5. The method of claim 1, wherein the calibrated properties of the boundary conditions include Windkessel properties of resistance and compliance of truncated arteries.

6. The method of claim 1, wherein the calibrated properties of the arterial network include arterial compliance, speed of wave propagation and cross-sectional area of arterial wall in absence of pressure.

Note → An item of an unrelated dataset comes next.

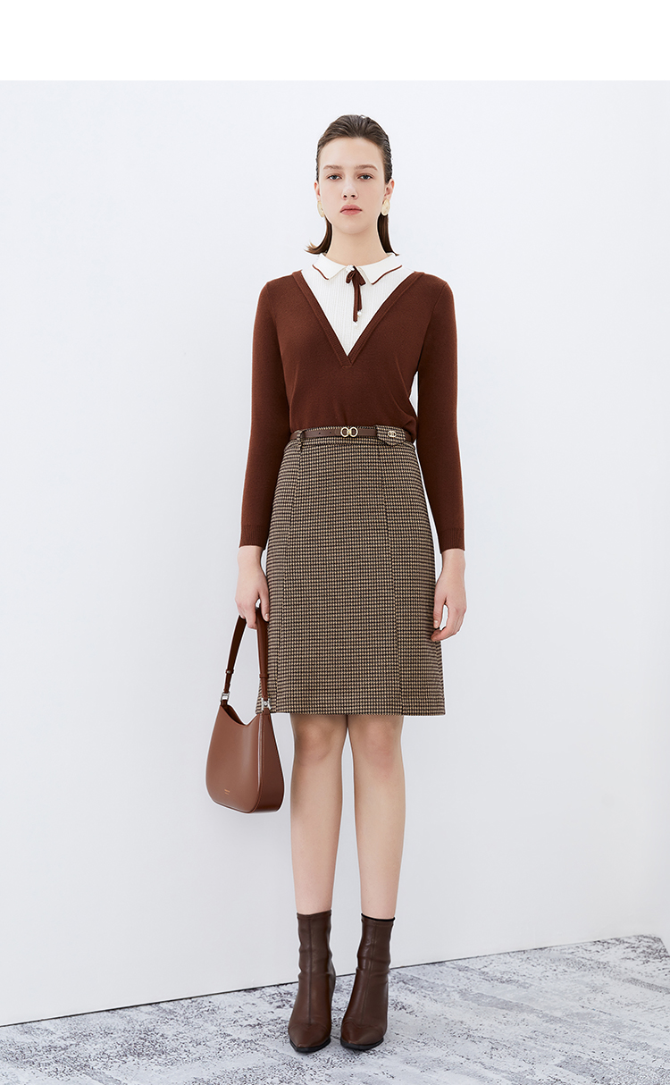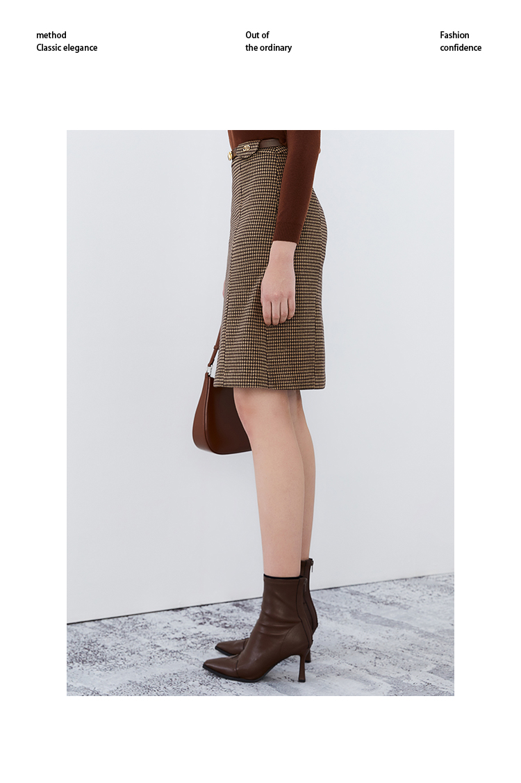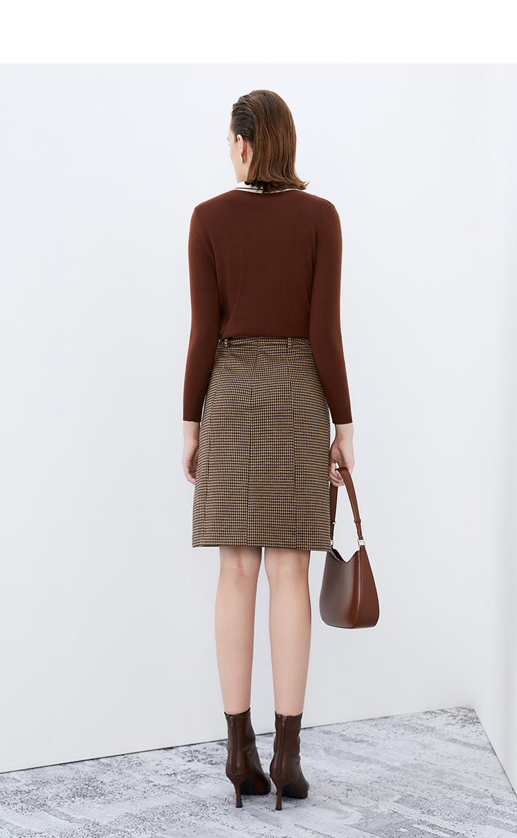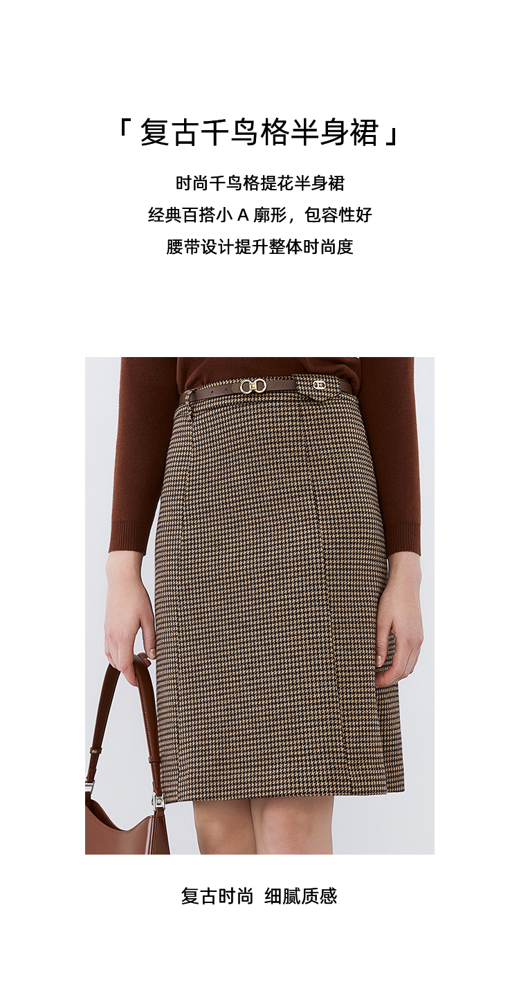 EITIE爱特爱冬季新款洋气时髦格纹高腰包臀半身裙女裙7606306

7. A device for the noninvasive diagnostics of proximal heart health biomarkers of an individual, comprising:

a wearable device containing at least one of a plurality of sensors;

a processor; and

software containing executable code which:

identifies a cardiovascular sub-system, comprising a) a single proximal section comprising an arterial network associated with the heart, b) a plurality of distal sections and c) a plurality of cut-off sections of the identified sub-system, of the individual;

calibrates properties of the arterial network and boundary conditions by measuring a) BP at multiple locations along the sub-system, b) PTT at a location of a distal section of the plurality of distal sections, and c) a CO and arterial geometry of the individual;

constructs a patient-specific model by integrating the calibrated properties into a differential physics-based fluid-structure interaction (FSI) model;

obtains non-invasive BP and PTT diagnostic measurements in a vicinity of the location of the distal section;

runs the patient-specific model in various iterations of CO until approaching the non-invasively measured BP and PTT at the distal location computing a dependency of the CO on the PTT and BP of the individual; and

derives a proximal heart health biomarker corresponding to the distal PTT and BP diagnostic measurements.

8. The device of claim 7, wherein the sensor includes at least one of an PPG device, carotid artery BP measurement applanation tonometry, ECG, and ultrasound measurement of aortic diameter.